The Horatii brothers, representing Rome, and the Curiatii brothers, representing Alba Longa, entered this historic duel. According to Livy, there was a general consensus that the Horatii belonged to Rome and the Curiatii to Alba Longa, though this remained a contested point in the ancient sources. Dionysius of Halicarnassus, in books III.13–22, treats the duel in considerably greater detail, presenting an account of the families' civic allegiance that is independent of Livy's, and additionally recording the political negotiations that formed the background to the contest. After a long and bloody struggle, two of the Roman brothers fell; all three Alban brothers survived, though variously wounded. The sole remaining Roman, Publius Horatius, exploited his opponents' serious wounds by drawing them apart and killing them one by one, thereby winning victory for Rome. Alba Longa was thus compelled to acknowledge Roman sovereignty.

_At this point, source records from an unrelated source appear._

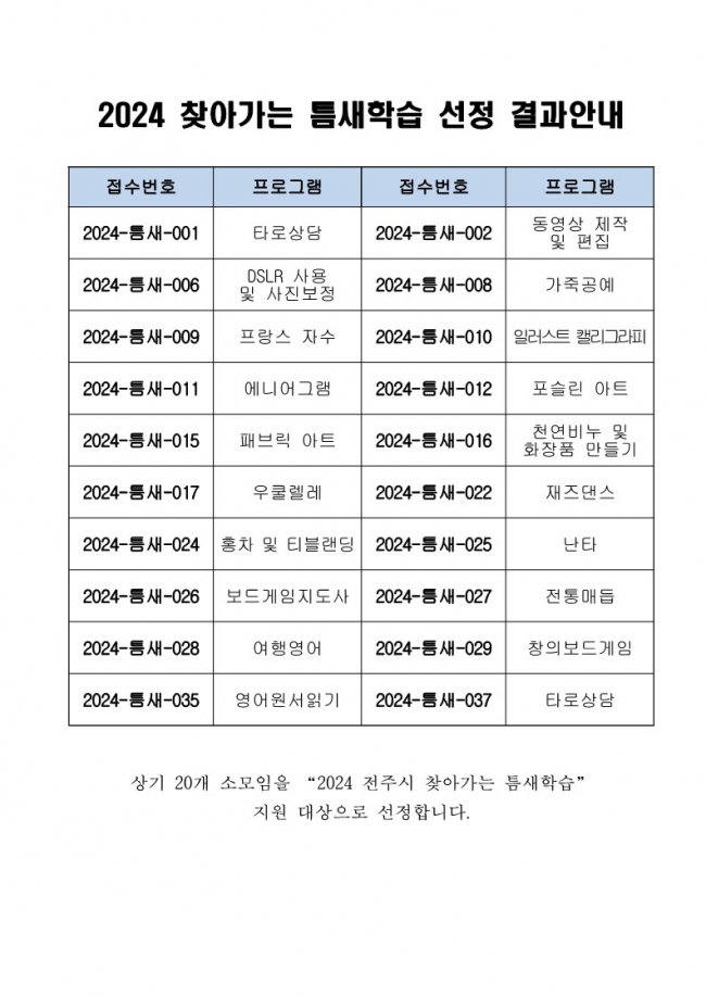 2024 전주시 찾아가는 틈새학습 소모임 선정 심사 결과 관리자 2024-04-22 조회 1911 result.jpg (276.4 KB) 윗글 2024 전주시 찾아가는 틈새학습 운영 강사 모집 공고 아랫글 퍼실리테이터과정(커뮤니티리더) 참가자 모집 안내(4. 24(수) 09:00~) 목록보기
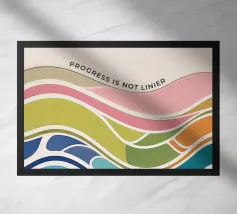 This colorful artwork features flowing rainbow-like waves accompanied by the uplifting phrase “Progress Is Not Linear.” It serves as a gentle reminder that growth comes with ups and downs, and setbacks are part of the journey. Perfect for motivating any space with positivity, resilience, and encouragement for self-development.
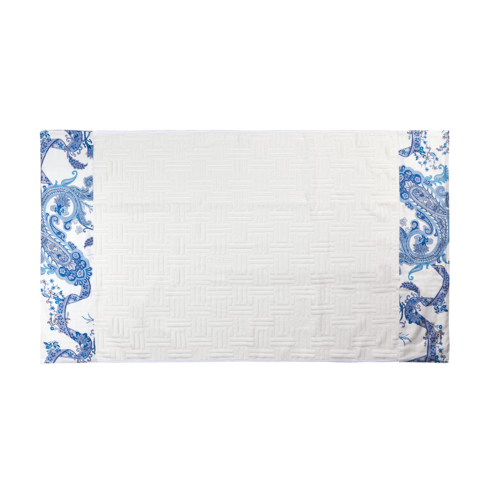 Estoril Loures Towel from ETRO is characterized by its ornate paisley patterning on the edge of the blue “E” monogrammed towel, a signature print for the label. Designed in a muted, tonal color palette. the piece is ideal for adding a touch of playfulness to your bathroom experience.
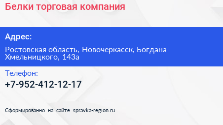 Белки, торговая компания по адресу Ростовская область, Новочеркасск, Богдана Хмельницкого, 143а в дальнейшем Организация, размещена в следующих категориях:
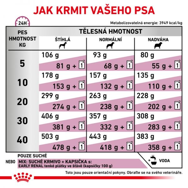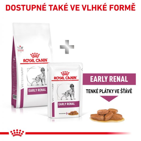 ROYAL CANIN® EARLY RENAL szárazeledel kutyák számára készült teljes értékű diétás eledel, amely a krónikus veseelégtelenségben szenvedő kutyák veseműködésének támogatására szolgál. ROYAL CANIN® EARLY RENAL szárazeledel kutyák számára készült. Bővebb leírás
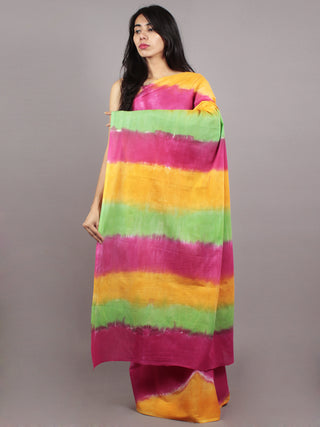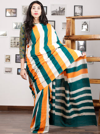 Green Orange White Ikat Handwoven Pochampally Mercerized Cotton Saree - S031701586
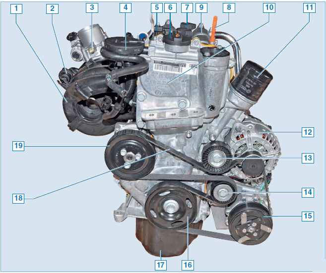 Двигатель (вид справа по направлению движения автомобиля): 1 — впускной трубопровод; 2 — клапан продувки адсорбера; 3 — дроссельный узел; 4 — клапан системы вентиляции картера; 5 — датчик положения распределительного вала; 6 — крышка маслозаливной горловины; 7 — катушка зажигания; 8 — указатель уровня масла; 9 — корпус распределительных валов; 10 — крышка привода ГРМ; 11 — масляный фильтр; 12 — генератор; 13 — опорный ролик ремня привода вспомогательных агрегатов; 14 — натяжной ролик ремня привода вспомогательных агрегатов; 15 — шкив электромагнитной муфты компрессора кондиционера; 16 — шкив привода вспомогательных агрегатов; 17 — поддон картера; 18 — ремень привода вспомогательных агрегатов; 19 — шкив насоса охлаждающей жидкости.
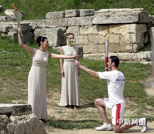 希臘當地時間3月24日,北京二00八年奧運會圣火采集儀式在古奧林匹亞競技場舉行,最高女祭司將橄欖枝傳遞給第一火炬手希臘運動員亞歷山大,并用古希臘語對他說:“將圣火傳遞給世界,告訴人們奧運會就要開始了。 中新社記者 王歡
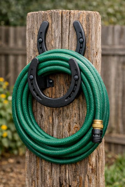 This DIY hose holder seamlessly fits into a rustic or farmhouse-style backyard, complementing natural wood tones and metallic accents. It pairs well with wooden fences, stone pathways, and lush garden settings. The weathered cedar post adds an aged, vintage appeal, while the black iron horseshoes introduce an industrial touch. This piece serves both as a functional item and a decorative sculpture, enhancing the visual appeal of any outdoor space.
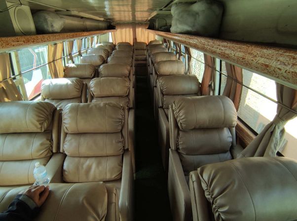Отправьтесь в расслабляющее и живописное путешествие, воспользовавшись нашим автобусом Experience Luxury Travel: из Катманду в Покхару на диване, который идеально подходит для путешественников, ищущих комфорт, стиль и первоклассные сухопутные приключения. Избавьтесь от стресса, связанного с авиаперелетом, и насладитесь прекрасными пейзажами Непала, не выходя из комфортабельного роскошного дивана. Наша поездка на роскошном автобусе предлагает вам раскладные диваны, кондиционер, развлекательные системы, чистые бортовые туалеты и вежливый персонал, который
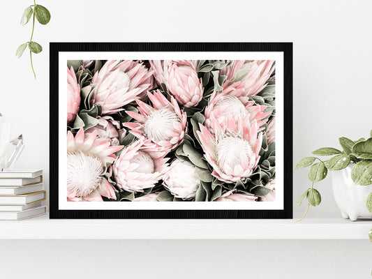 Protea Flowers Closeup Faded Photograph Glass Framed Wall Art, Ready to Hang Quality Print
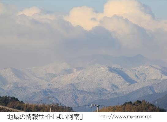 私の住んでいる徳島県阿南市から山の方向に目をやると雪が積もっているのがわかります。
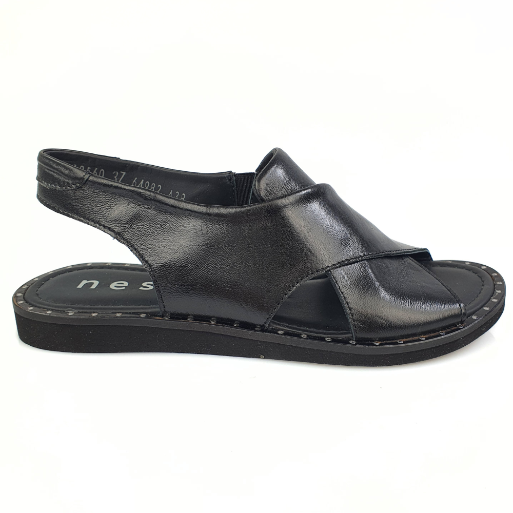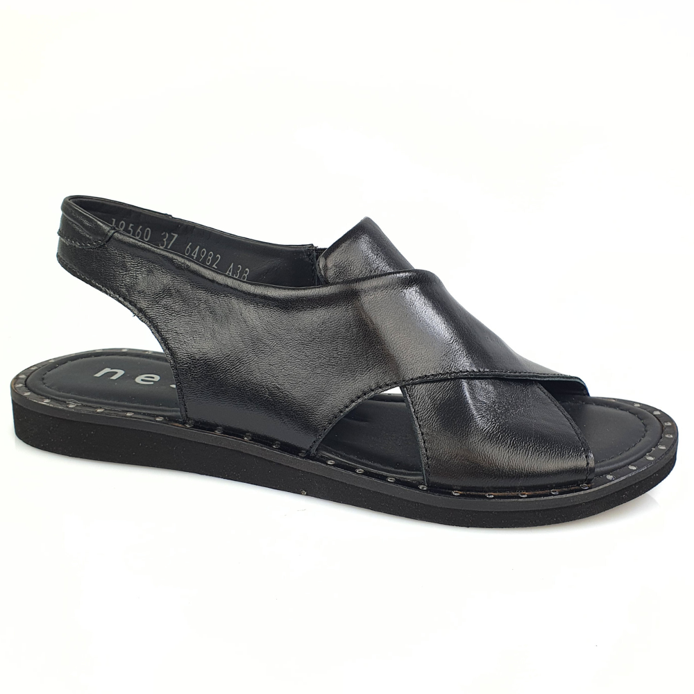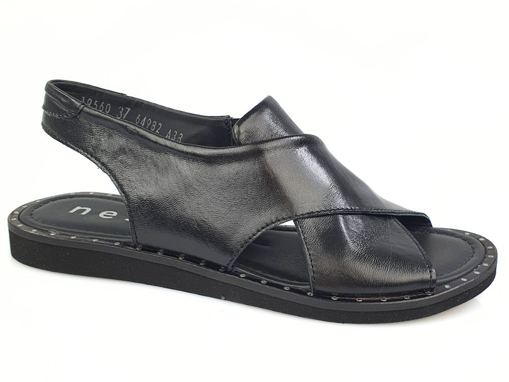 Zaletą sandałów w modelu 19560 jest doskonale dopracowany wzór- sandałki dobrze dopasowują się do stopy i świetnie się na niej układają podczas chodzenia. Sandałki wykonane są z naturalnej skóry licowej, która zapewni stopom wygodę i przewiewność. Palce i pięta są odkryte. Płaski obcas to kolejny atut tych sandałków. Sandałki Nessi mają pasek z gumeczka od wewnętrznej strony, co ułatwia zakładanie butów. Miękka, dobrze uginająca się podeszwa pozwoli na długie i wygodne użytkowanie. Twoje stopy odczują komfort i miękkość wkładki ze skóry naturalnej. Kolor czarny jets elegancki i klasyczny. Buty są eleganckie, a jednocześnie nowoczesne i bardzo wygodne.

=== Horatius's killing of his sister and the subsequent trial ===
Returning triumphant, Publius Horatius entered Rome carrying the arms and armour of the Curiatii as spoils of war. Waiting at the city gate was his sister Horatia, who caught sight of a military cloak belonging to one of the Curiatii — her fiancé — draped over her brother's shoulders, and broke into lamentation, crying out her betrothed's name. At this sight Horatius drew his sword in fury and killed her on the spot: Let any Roman woman who mourns Rome's enemy die thus!

Horatius was arrested and charged with parricidium (the killing of a close relative). Tullus appointed two special judges, the duumviri, to conduct the trial; they convicted Horatius and sentenced him to death. Horatius, however, on Tullus's advice exercised his right of provocatio (appeal) to the popular assembly, bringing the case before the people. Horatius's aged father rose before the assembly to argue both that his daughter had deserved her fate and that a father who had already lost two sons in the service of the state should not be deprived of his third. The people voted to acquit, swayed by admiration for the son's courage — a decision that Livy specifically notes was motivated by heroism rather than justice. Valerius Maximus likewise records this trial as an early example of the right of provocatio, viewing Tullus's conduct as a gesture of political compromise.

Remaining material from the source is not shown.